(Cuarta y última parte del serial que Living Las Vacas acoge durante el mes de agosto)

Pelayo no siempre se había creído todas las historias que le contaba su padre sobre cómo era la vida en el campo en los años posteriores a la Guerra Civil. Le parecía que todo aquello era una especie de ‘realismo mágico’ al más puro estilo de Gabriel García Márquez. Una mezcla de realidad y ficción que en realidad no había podido ocurrir nunca tal y como lo contaba al pie de la letra su progenitor. Joaquín, el ‘pelahigo’, juraba y perjuraba que todo lo que le contaba a su hijo era la más pura verdad. Nada que se saliera de lo que realmente ocurrió.

Pelayo se quedaba anonadado con algunas de las historias. Aquella que relataba cómo su abuelo, guardia de una extensa finca extensiva, se reunía a la luz de la hoguera con los guardias civiles de la zona mientras encubría a los bandoleros a pocos metros de distancia. Tampoco era de desdeñar aquella historia en la que el lobo bajaba al atardecer de los montes cercanos y miraba a los ojos a las personas que se encontraban por allí. Totalmente descorazonador era el relato de las tres o cuatro familias que compartían unas míseras habitaciones para vivir, sin ningún tipo de confort, y en las que el consumo de leche de vaca o de pan del día era un bien simplemente de lujo.
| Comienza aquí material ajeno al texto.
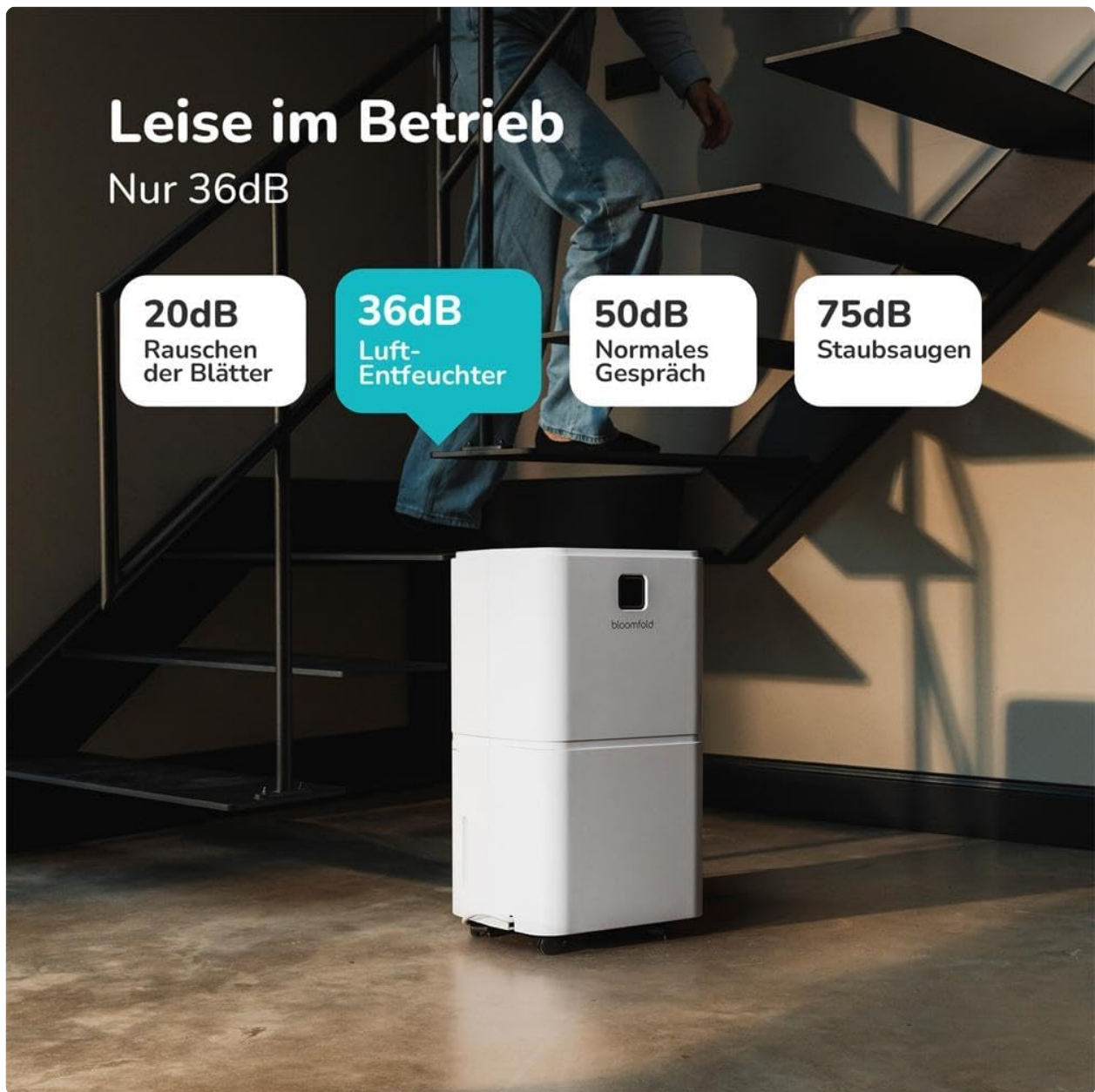
Figure 4.2: Key features of the Bloomfold Dehumidifier, including mold prevention, laundry drying, quiet operation, and energy efficiency.
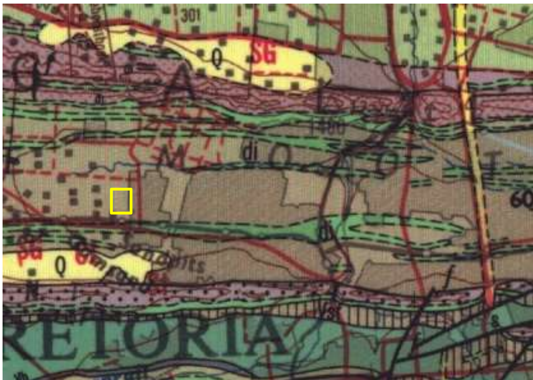
Figure 2: Geological map of the area around the Farms Zandfontein, northwest of Pretoria shown in yellow. Abbreviations are explained in Table 2. Map enlarged from the Geological Survey 1: 250 000 map 2528 Pretoria.
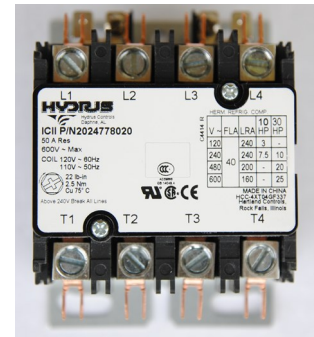
4-Pole Contactor Part # 2024778020
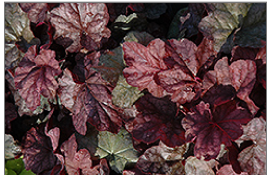
Beaujolaishairy Alumroot foliage
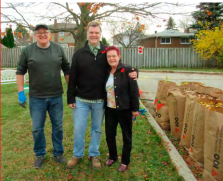
Willing Hands Make Light Work
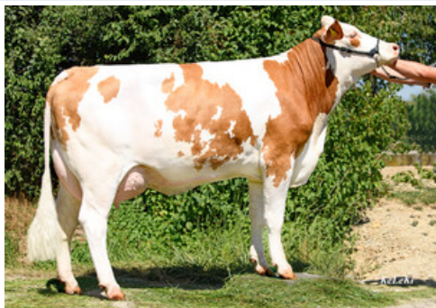
KLEOPAT DE 09 53654339
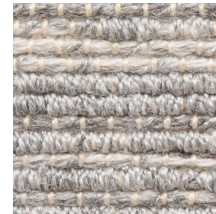
05 WARM & COOL
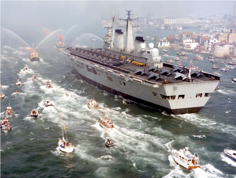
Figure 2.1: HMS Invincible returns to Portsmouth following the end of the Falklands War. Royal Navy, 1982. Crown Copyright: Open Government Licence.

programmes elegise aspects of British naval culture that had passed into history, the ‘Gunboat’ episode purposefully illustrates under-appreciated present-day political and economic realities, yet with historical dimensions. The constabulary and national roles he describes (‘Fishery protection may look simple, but it’s one of the trickiest jobs the Royal Navy has to do ... hemmed in by treaties and restrictions’) expand without apology to acknowledge an imperial history of worldwide presence and policing. The beleaguered nature of British maritime culture figures in his delivery through an implicit criticism of European fishing controls (bemoaning fishermen watching ‘their very livelihoods vanish’), contextualised by wider trends in the shrinkage of Britain’s merchant navy (‘eighty years ago the British fishing fleet, like the Royal Navy, was the biggest in the world’). A cross-fade from the present to black-and-white footage of Victorian-era fishing vessels seamlessly introduces further archive images of 19th-century gunboats regulating the empire, ‘on the river Tigris, showing the flag and showing who was boss’. Similar footage of the Yangtse prompts Hill-Norton to mention his own great-great-grandfather’s service on a gunboat during the Opium Wars. The danger (and justification) of Western powers’ embroilment in China is illustrated by the famous stories of USS Panay and HMS Amethyst . A cut from footage of HMS Amethyst ’s escape to
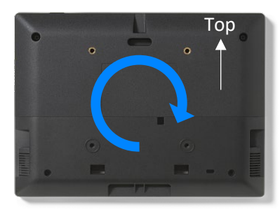
FIG. 2 Varia Touch Panel, rear

1. Place the panel face-down on a soft cloth and arrange the panel so that the top of the touch panel is closest to you.
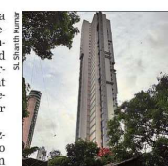
The residents can return after OC is granted, high court said

Mumbai: Dubbing them "a selfish lot" who are not bothered about people's lives, Bombay high court has directed occupants of a 34-storey Tardeo tower's top 18 floors that do not have an occupation certificate (OC) to vacate their flats in two weeks.
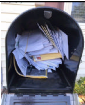
Susie's Mailbox on September 4 th !
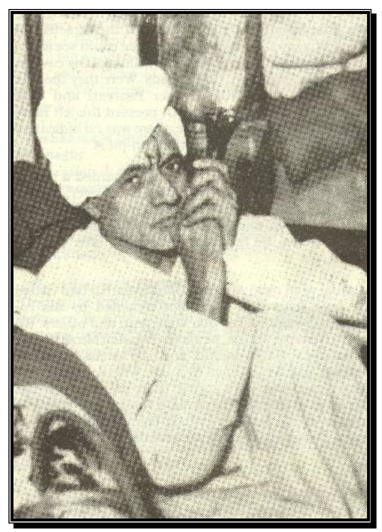
Bhagwaan Ji with the chillum .
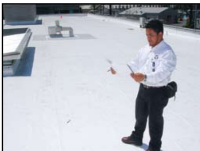
Determine where to spend your first dollar on roofing.
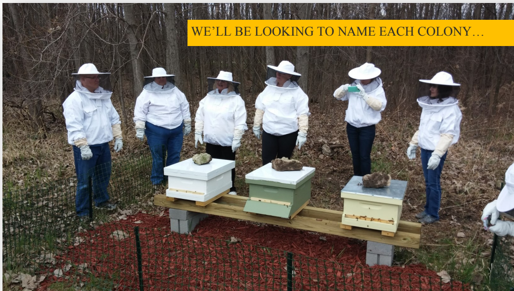
WE'LL BE LOOKING TO NAME EACH COLONY...

In our next issue, "The 1st Hive Inspection" we should see some real progress within the bottom brood chamber and possibly we will be adding another hive box

Una de las historias preferidas de Pelayo era la del autobús de la zona, que cubría el trayecto entre dos pueblos cercanos. Aunque el trayecto era corto, la distancia entre las dos localidades tenía una pequeña dificultad orográfica, que decía la tele en las transmisiones del Tour. La cuesta de la serpiente, llamada así por su serpeante trayectoria, hacía que aquel viejo autobús de los años 50, de esos que arrancaban con manivela en la parte frontal del vehículo, tuviera que detenerse en medio de la cuesta. Siempre según el relato de Joaquín el ‘pelahigo’, era el momento de que los pasajeros se bajaran y empujaran al autobús hasta llegar a la cima. Cuando comenzaba el descenso, el que no estuviera listo y no subiera de forma inmediata el autobús, corría el riesgo de tener que continuar a pie hasta el final del recorrido.

En agosto, normalmente a finales de mes, era habitual que Joaquín llevara a su hijo a Pelayo a dar una vuelta por la extensa y próspera finca en la que se crió, aquella misma que tenía su propio molino para hacer pan, sus varias explotaciones ganaderas, sus casas dispersadas con familias viviendo y su propio ecosistema socio-económico en el que participaban las personas del entorno. De todo aquello, no quedaba absolutamente nada. Los edificios estaban derruidos, el molino no era más que una quimera y sólo crecían hierbajos en todo aquel territorio que daba la impresión de no haber estado habitado en siglos. A Joaquín aquella visita le servía para dar un paseo por sus recuerdos y recordar donde pastaba el rebaño de ovejas del tío Zancadas o el lugar en el que se ordeñaba a las vacas de Manolo, el ‘tripaestrecha’. Por su parte, Pelayo comenzaba a ser consciente de todo lo que se había perdido en conciencia de entorno rural en su país. De cómo se había dejado aparte el mundo agrícola y ganadero, mandándolo al olvido. De que sus hijos se preguntarían si la leche del supermercado viene de las vacas o se obtiene al abrir un grifo que hay en una fábrica. De que con los alimentos no se juega, aunque algunos se empeñen en menospreciar una actividad de la que todos nos alimentamos. Absolutamente todos.